GUEST BLOGGER: How to Make Raw Date And Nut Squares by Raw Michelle
Raw Michelle is founder of RawFoodHealthWatch.com, bringing raw news, information and recipes for beginners and veterans of the world of raw food.
If you are fond of sweets, much like the majority of individuals on Earth, but you are also trying to somehow integrate them into a healthy, organic diet - then the raw date and nut squares recipe is the perfect thing for you!
Raw date and nut squares are sweet, crunchy, healthy and delicious, and can easily be prepared with a food processor. Unlike any other commercially available processed sweets, this desert can actually benefit your health and provide you with valuable complex sugars that have a low GI and are slowly released into the bloodstream, for a steady influx of energy throughout the day. To make this wonderful dessert, your primary ingredients will be a selection of nuts, oats and dry dates - all of them excellent sources of essential fatty acids, dietary fiber, carbohydrates, minerals and vitamins.
The squares consist of a crispy crust and a subtle date filling. To prepare the crust, you will be needing one cup of raw almonds, half a cup of raw cashews, half a cup of raw pistachios, one and a half cup of raw oats, 10 dry dates, pitted and chopped, as well as half a cup of coconut oil. The type of oil used is important in the preparation process, as it can alter both the flavor and texture of the squares. However, any type of oil can be used to turn the nuts into a soft paste that sticks. The almonds, cashews and pistachios should be blended together in the food processor for a few minutes, then the oats and oil can be added to begin forming the dessert base. To test how well the mixture sticks together, you can squeeze some of it gently between your fingers. If it crumbles easily, then you should add a bit more oil and process the nuts and oats a little longer. Next, set two thirds of this “dough” into a tray coated with tinfoil, and put one third aside.
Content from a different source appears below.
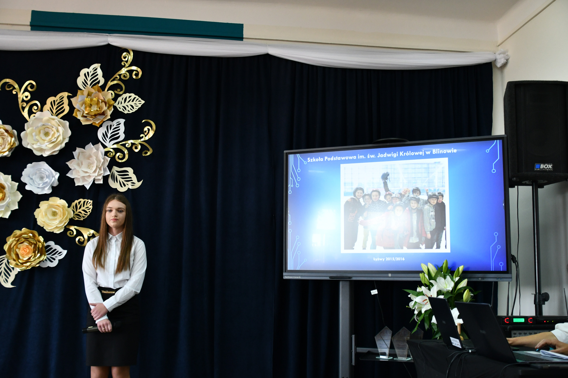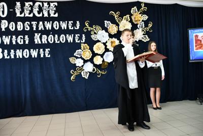 Część oficjalną uroczystości rozpoczęła dyrektor szkoły p. Ilona Stolarz, która serdecznie przywitała wszystkich uczestników . W swoim wystąpieniu skupiła się na podkreśleniu roli szkoły w środowisku lokalnym. Zaznaczyła, że szkoła jest miejscem, gdzie najważniejszy jest uczeń, duszą szkoły są nauczyciele, wsparciem rodzice a dumą absolwenci. Z wielką wdzięcznością skierowała podziękowania do wszystkich, którzy przyczynili się do rozwoju blinowskiej placówki : byłych dyrektorów, nauczycieli, pracowników obsługi, rodziców, mieszkańców Blinowa i okolicznych miejscowości oraz ludzi dobrej woli, którzy bezinteresownie wspierają finansowe potrzeby szkoły. Minutą ciszy uczczono pamięć tych wszystkich zmarłych nauczycieli, pracowników i uczniów szkoły, którzy zostawili trwały ślad w naszej społeczności.

To evenly distribute the dough, press hard on it with either your hand or the back of a spoon, until a wide and thick crust is formed on the bottom of the tray.
For the filling, you should process around 40 dates with half a cup of water, until you obtain a soft and smooth paste. Make sure, however, that the paste has a low enough viscosity to easily be spread with a spoon over the crust, but that it also isn’t too runny as to drip off the crust. Finding just the right texture for the filling may require a few shots at this recipe, nevertheless, you can easily control the process by gradually adding in water as you blend the dates. After the filling is whipped up, evenly spread it over the crust and seal everything off with the remaining crust mixture you had set aside earlier. The dessert should now look like a large date and nut sandwich! Using a sharp knife, carefully divide it into bite-size squares, then store it in the refrigerator for 6 to 8 hours. As it cools, the mixtures harden and the squares can be easily separated and served. If you don’t end up eating them all on the spot, note that you can keep them in the fridge, in an air-tight container, for a good few days. Enjoy!